British hate preacher`s permission needed for jihad, witness tells trial
An American Muslim convert told the New York trial of British hate preacher Abu Hamza on Friday how the cleric`s permission was required if recruits wanted to fight in Afghanistan.
London: An American Muslim convert told the New York trial of British hate preacher Abu Hamza on Friday how the cleric`s permission was required if recruits wanted to fight in Afghanistan.
David Smith, who converted to Islam in 1997 at age 17, said he listened in Seattle to recordings of Abu Hamza`s sermons and discussed with British radical Feroz Abbasi, who was later jailed at Guantanamo Bay, how to go fight in Afghanistan.
"To go to the mountains for jihad, I had to make myself available to the Sheikh," Smith told the court in reference to Abu Hamza, the 56-year-old Egyptian-born cleric then living in London.
"He would grant me permission to go up to the mountains for jihad," Smith told the Manhattan federal court.
Smith duly went to London in 1999 to meet Abu Hamza at Finsbury Park mosque. He said he also received weapons training from a Swedish Muslim called Osama Kassir, known as Abu Kadija, at a mosque in Seattle with five or six others.
Kassir taught them how to take apart and assemble an AK-47, how to make a silencer and explained how a bullet "tumbles and rips up flesh," Smith said.

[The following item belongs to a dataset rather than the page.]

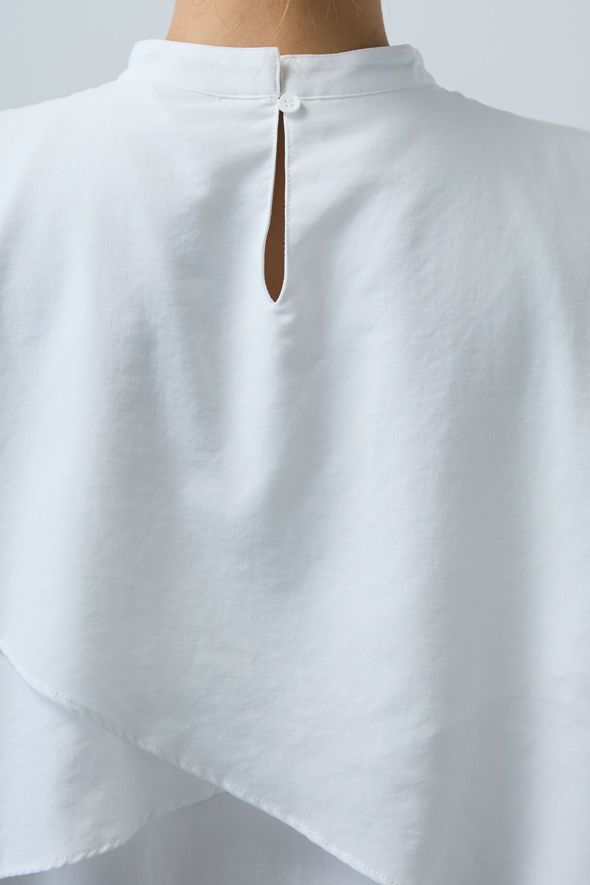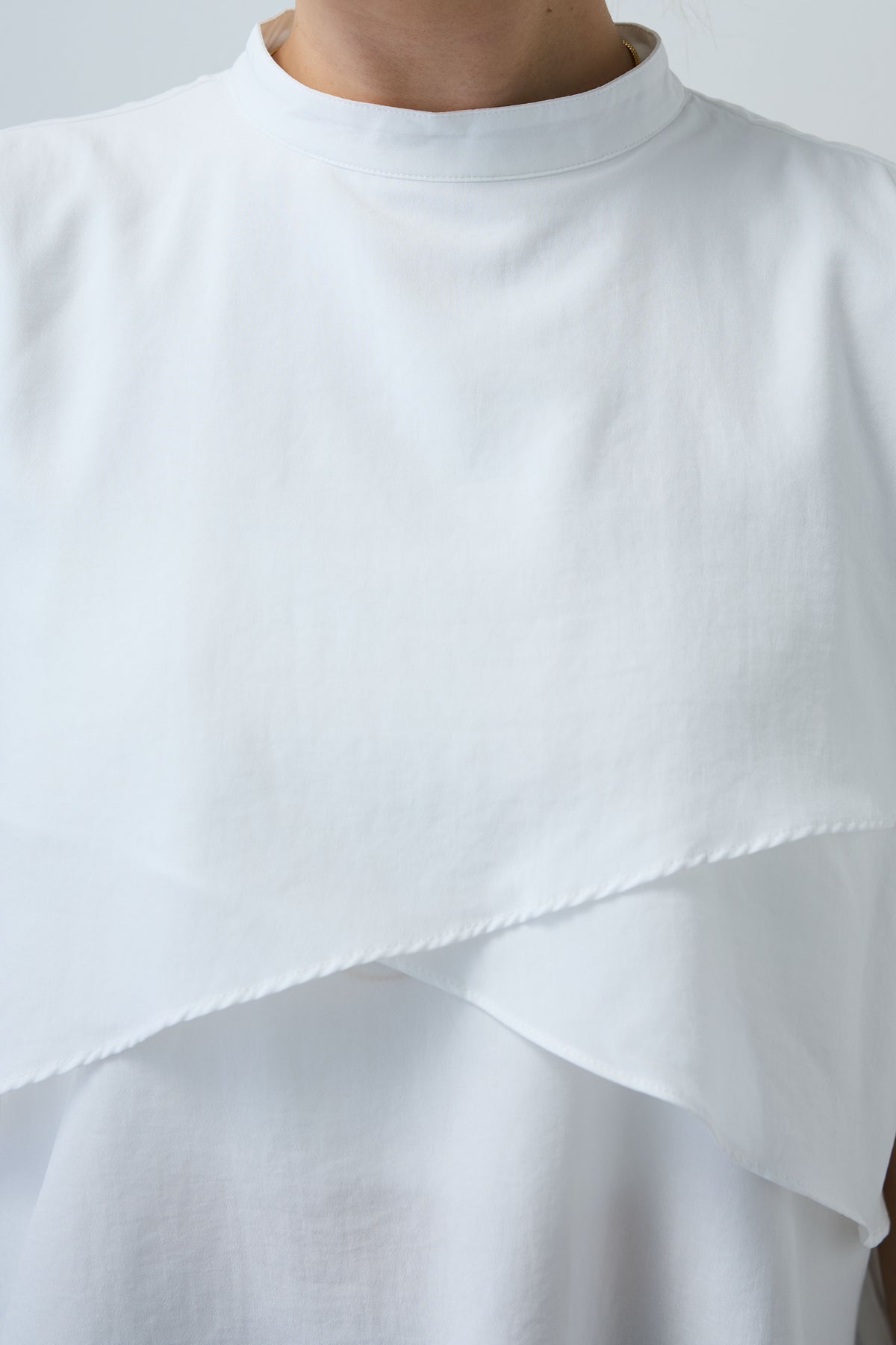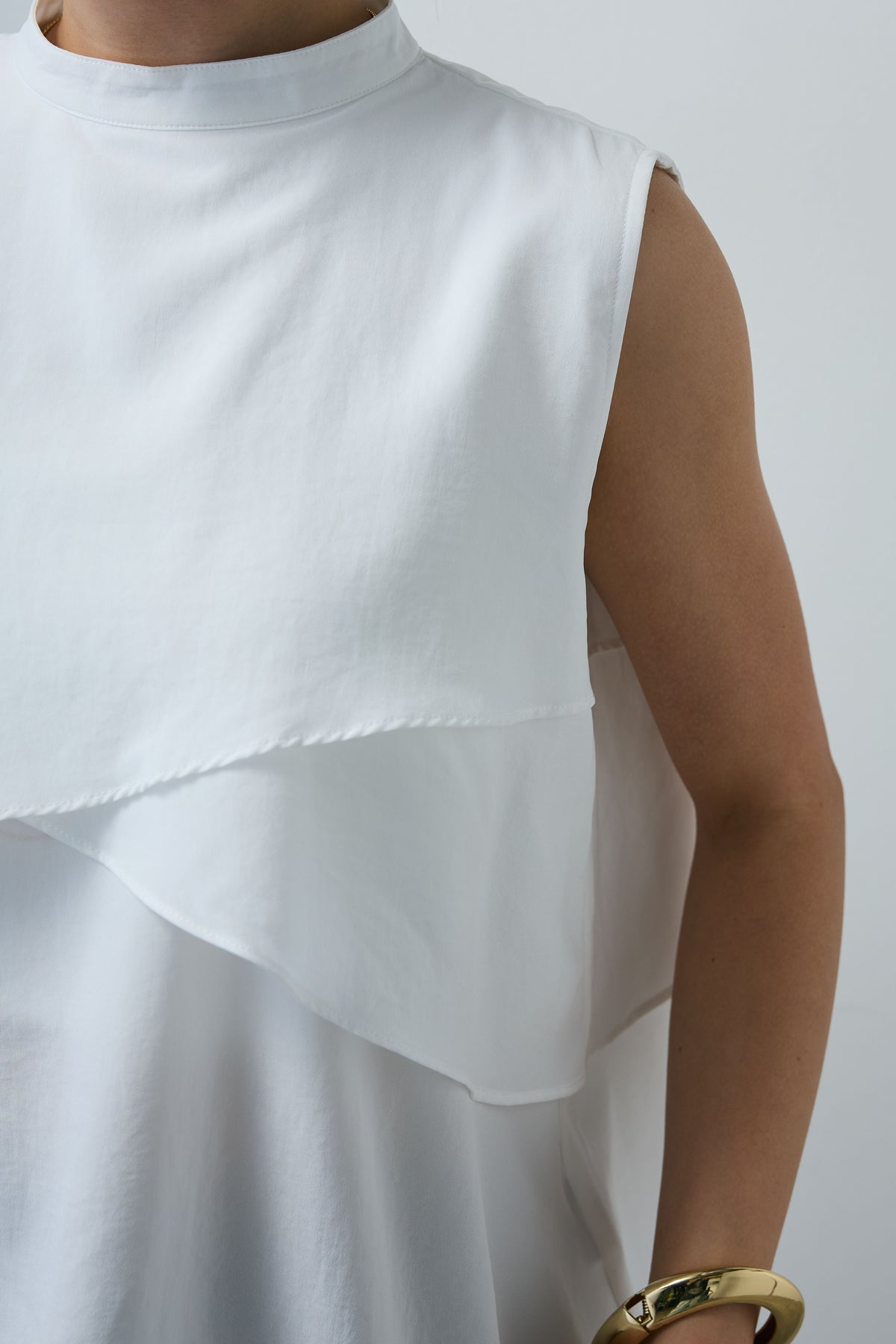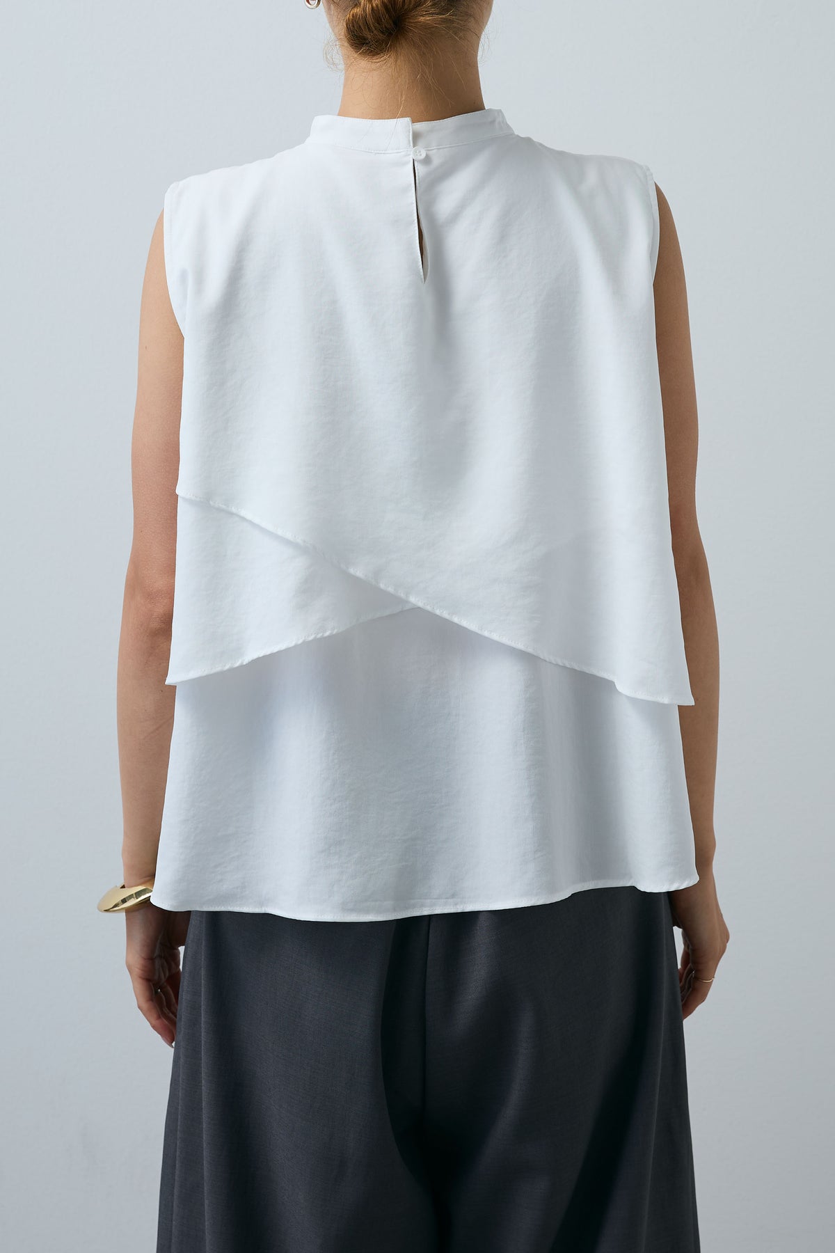 動きのあるアシンメトリーフレアが目を惹くノースリーブブラウス。シンプルながらも計算された立体感が、着るだけで印象的なスタイルに。さらりと軽やかな素材感で、一枚で着映えが叶う万能アイテムです。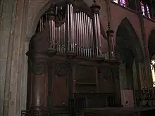 Dans le chœur, l’orgue de Cavaillé-Coll installé en 1867 a été détruit par le bombardement de 1944. Un instrument neuf le remplacera en 1978. Son buffet réutilise en partie, les anciennes boiseries des stalles du chœur.

US prosecutors say Abu Hamza had sent Kassir and Haroon Agwat, a British Muslim, to the United States to set up an Al-Qaeda-inspired training camp at Bly in the northwestern state of Oregon.
Kassir flew to Seattle from London with his wife and children in late 1999. Agwat, who later died in Afghanistan, went too.
Smith, who is no longer a Muslim, never traveled to Afghanistan.
Mustafa Kamel Mustafa, better known in Britain as Abu Hamza al-Masri, is pleading not guilty to 11 kidnapping and terror charges which pre-date the 9/11 attacks.
He faces the rest of his life in a maximum security US prison if convicted by the 12-member jury after a trial that is expected to last four to five weeks.Dressed in a T-shirt and grey trousers, his hair and beard white, Abu Hamza has closely followed all court proceedings, taking notes on Friday with a special prosthesis.
He is blind in one eye and lost both arms, blown off at the elbow, in an explosion in Afghanistan years ago.
He is set to take the stand himself during the trial.
On Thursday, the US prosecution laid out its case, branding Abu Hamza a "global exporter of violence and terrorism" intent on waging war against non-Muslims.
It is the second high-profile terror trial heard in a Manhattan federal court after Osama bin Laden`s son-in-law, former Al-Qaeda spokesman Suleiman Abu Ghaith was convicted on March 26.
Abu Hamza`s charges relate to the 1998 kidnapping in Yemen of 16 Western tourists, four of whom were killed, and conspiracy to set up an Al-Qaeda-style training camp in Oregon in late 1999.
He is also accused of providing material support to bin Laden`s terror network, of wanting to set up a computer lab for the Taliban and of sending recruits for terror training in Afghanistan.
His defense lawyer Joshua Dratel told the court on Thursday that his client`s "harsh" anti-US and anti-Israeli opinions may be unpalatable, but that they were only words, not actions.
The trial marks the culmination of a 10-year legal battle.
He was first indicted in the United States in 2004 and served eight years in prison in Britain before losing his last appeal in the European Court of Human Rights against extradition.